BEGIN RAW DATA

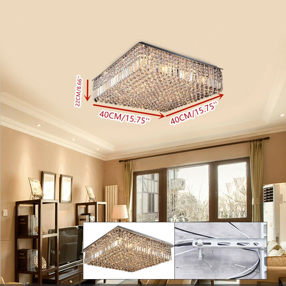 Package: 1*Light Modern Flush Mount Crystal Chandelier Square Ceiling Light Pendant Lamp Fixture Modern K9 Clear Crystal Ceiling Light Pendant Lamp Chandelier Lighting Specification: Product : (15.75*15.75 Inch) 40*40cm Two-color Crystal Lamp (Lamp Head) Chandelier Pendant Shadow Assist Material: Crystal Lamp Body Material: Abs + Metal Chassis Irradiation Area: 30 Square Meters-15 Square Meters Size : 40x40 Cm (15.75x15.75 Inch) Main Body Material: Metal Lampshade Material: Crystal Light Source Type: Incandescent Lamp Led Energy Saving Lamp Cap Type: E14 Craft: Draw Chandelier Is There a Light Source: Including Bulbs Voltage: 110v-260v Application Space: Living Room Dining Room Study Style: Simple Modern Assembly Instructions: This Fixture Does Need to Be Hard Wired. Assembly Is Required. Professional Installation Is Recommended. Apply to: Bedroom, Living Home, Dinning Home,bar,Warehouse,Restaurant,Coffee Shop Package: 1*Light Payment Delivery details Terms of sales About us Contact us Payment We accept ebay payment 。 Fees such as import duties, taxes are not included in the item price or shipping costs. These charges are the buyer's responsibility. Delivery details Shipping: 2-9 working days to: USA Terms of sales We maintain high standards of excellence and strive for hundred percent customer satisfaction. Feedback is very important to us. We hope that you contact us immediately before you give neutral or negative feedback, so that we can address your concerns. It is impossible to address issues if we do not know about them! About us Your satis faction is our ultimate goal. We work hard to earn your trust and future business. Our certified technicians have tested each item before shipping. The unit comes with 1 year limited warranty on all manufacturing defects. a) If you receive a defective item, you may return it or ask for a discount. Please contact us within 14 days after you receive the package. b) What you returned must be intact and in its original packaging as re? u. Customer is responsible for shipping costs of the returned item. c) We will cover the cost of shipping back t with the shipping rate indicated in the registration page. We will send you a new unit or refund the full payment you paid. Thank you. Contact us Business Hour Business Hour: Monday To Friday: 8:30 AM to 5:00 PM (Beijing China time) Due to time zones, our reply to your questions may not be immediately. But within above working time, we will reply your email within 24 hours. If it's non-workdays, please kindly be patient and wait till Monday. Please contact us with ebay message. Please feel free to contact us if you have any questions. Monday To Friday: 8:30 AM to 5:00 PM (Beijing China time) Due to time zones, our reply to your questions may not be immediately. But within above working time, we will reply your email within 24 hours. If it's non-workdays, please kindly be patient and wait till Monday. Please contact us with ebay message. Please feel free to contact us if you have any questions. !Features Compact Design,Unique Appearance,High quality Manufacturer Warranty 3 Years Brand Unbranded Type Chandelier Room Dining Room, Bedroom, Living Room, Kitchen, Home Office/Study Lighting Technology E14 Installation Area Indoor Voltage 110 V Material ABS, Metal, Crystal Style Modern Power Source Hardwired EAN Does not apply ISBN Does not apply
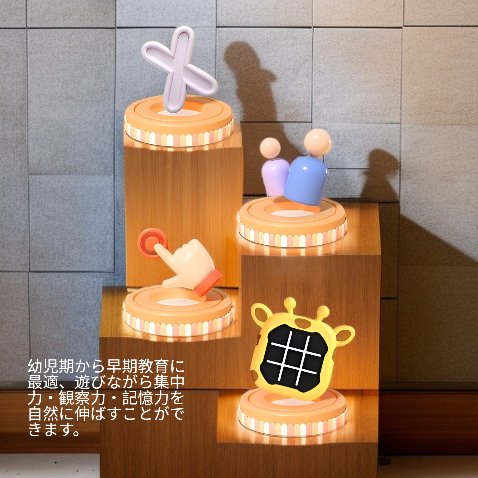 ● 子供の記憶力と論理的思考力を同時に鍛える、電子式三目並べ知育ゲームで楽しく学習できます。
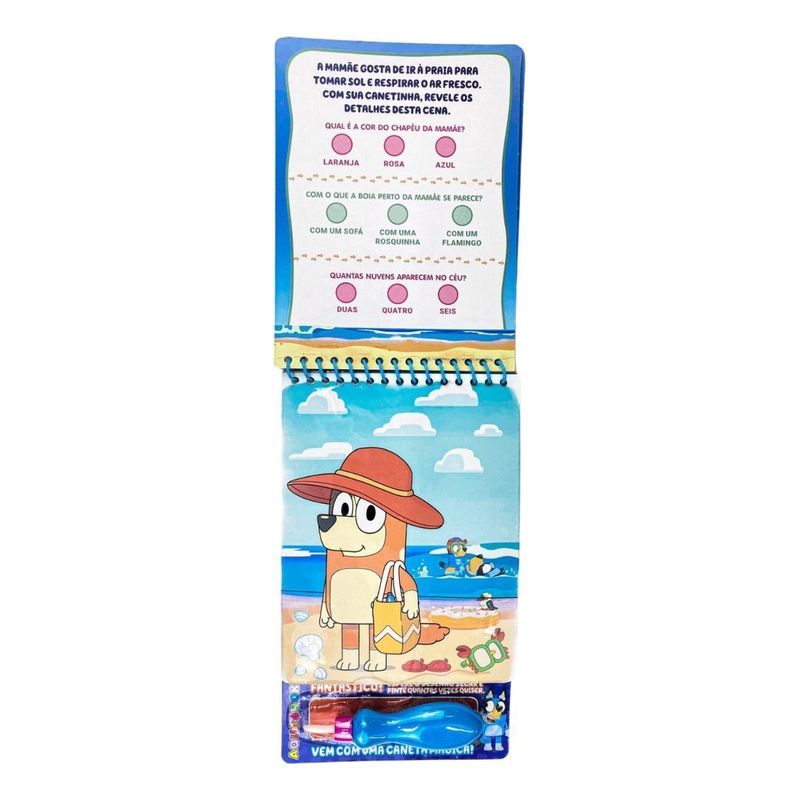 Livro de colorir inspirado na adorável série de animação “Bluey” que cativa o coração das crianças. Com ilustrações encantadoras dos personagens amados, este livro proporciona momentos de diversão e criatividade enquanto os pequenos fãs dão vida às aventuras da família Bluey.Dentro das páginas deste livro, as crianças encontrarão uma variedade de cenas emocionantes protagonizadas pela Bluey, sua família e seus amigos, esperando para serem preenchidas com cores vibrantes e alegres.

END RAW DATA

PROBLEM REQUIREMENTS> Omit the pictures and output all remaining material exactly.

TASK RESPONSE>
 Package: 1*Light Modern Flush Mount Crystal Chandelier Square Ceiling Light Pendant Lamp Fixture Modern K9 Clear Crystal Ceiling Light Pendant Lamp Chandelier Lighting Specification: Product : (15.75*15.75 Inch) 40*40cm Two-color Crystal Lamp (Lamp Head) Chandelier Pendant Shadow Assist Material: Crystal Lamp Body Material: Abs + Metal Chassis Irradiation Area: 30 Square Meters-15 Square Meters Size : 40x40 Cm (15.75x15.75 Inch) Main Body Material: Metal Lampshade Material: Crystal Light Source Type: Incandescent Lamp Led Energy Saving Lamp Cap Type: E14 Craft: Draw Chandelier Is There a Light Source: Including Bulbs Voltage: 110v-260v Application Space: Living Room Dining Room Study Style: Simple Modern Assembly Instructions: This Fixture Does Need to Be Hard Wired. Assembly Is Required. Professional Installation Is Recommended. Apply to: Bedroom, Living Home, Dinning Home,bar,Warehouse,Restaurant,Coffee Shop Package: 1*Light Payment Delivery details Terms of sales About us Contact us Payment We accept ebay payment 。 Fees such as import duties, taxes are not included in the item price or shipping costs. These charges are the buyer's responsibility. Delivery details Shipping: 2-9 working days to: USA Terms of sales We maintain high standards of excellence and strive for hundred percent customer satisfaction. Feedback is very important to us. We hope that you contact us immediately before you give neutral or negative feedback, so that we can address your concerns. It is impossible to address issues if we do not know about them! About us Your satis faction is our ultimate goal. We work hard to earn your trust and future business. Our certified technicians have tested each item before shipping. The unit comes with 1 year limited warranty on all manufacturing defects. a) If you receive a defective item, you may return it or ask for a discount. Please contact us within 14 days after you receive the package. b) What you returned must be intact and in its original packaging as re? u. Customer is responsible for shipping costs of the returned item. c) We will cover the cost of shipping back t with the shipping rate indicated in the registration page. We will send you a new unit or refund the full payment you paid. Thank you. Contact us Business Hour Business Hour: Monday To Friday: 8:30 AM to 5:00 PM (Beijing China time) Due to time zones, our reply to your questions may not be immediately. But within above working time, we will reply your email within 24 hours. If it's non-workdays, please kindly be patient and wait till Monday. Please contact us with ebay message. Please feel free to contact us if you have any questions. Monday To Friday: 8:30 AM to 5:00 PM (Beijing China time) Due to time zones, our reply to your questions may not be immediately. But within above working time, we will reply your email within 24 hours. If it's non-workdays, please kindly be patient and wait till Monday. Please contact us with ebay message. Please feel free to contact us if you have any questions. !Features Compact Design,Unique Appearance,High quality Manufacturer Warranty 3 Years Brand Unbranded Type Chandelier Room Dining Room, Bedroom, Living Room, Kitchen, Home Office/Study Lighting Technology E14 Installation Area Indoor Voltage 110 V Material ABS, Metal, Crystal Style Modern Power Source Hardwired EAN Does not apply ISBN Does not apply
 ● 子供の記憶力と論理的思考力を同時に鍛える、電子式三目並べ知育ゲームで楽しく学習できます。
 Livro de colorir inspirado na adorável série de animação “Bluey” que cativa o coração das crianças. Com ilustrações encantadoras dos personagens amados, este livro proporciona momentos de diversão e criatividade enquanto os pequenos fãs dão vida às aventuras da família Bluey.Dentro das páginas deste livro, as crianças encontrarão uma variedade de cenas emocionantes protagonizadas pela Bluey, sua família e seus amigos, esperando para serem preenchidas com cores vibrantes e alegres.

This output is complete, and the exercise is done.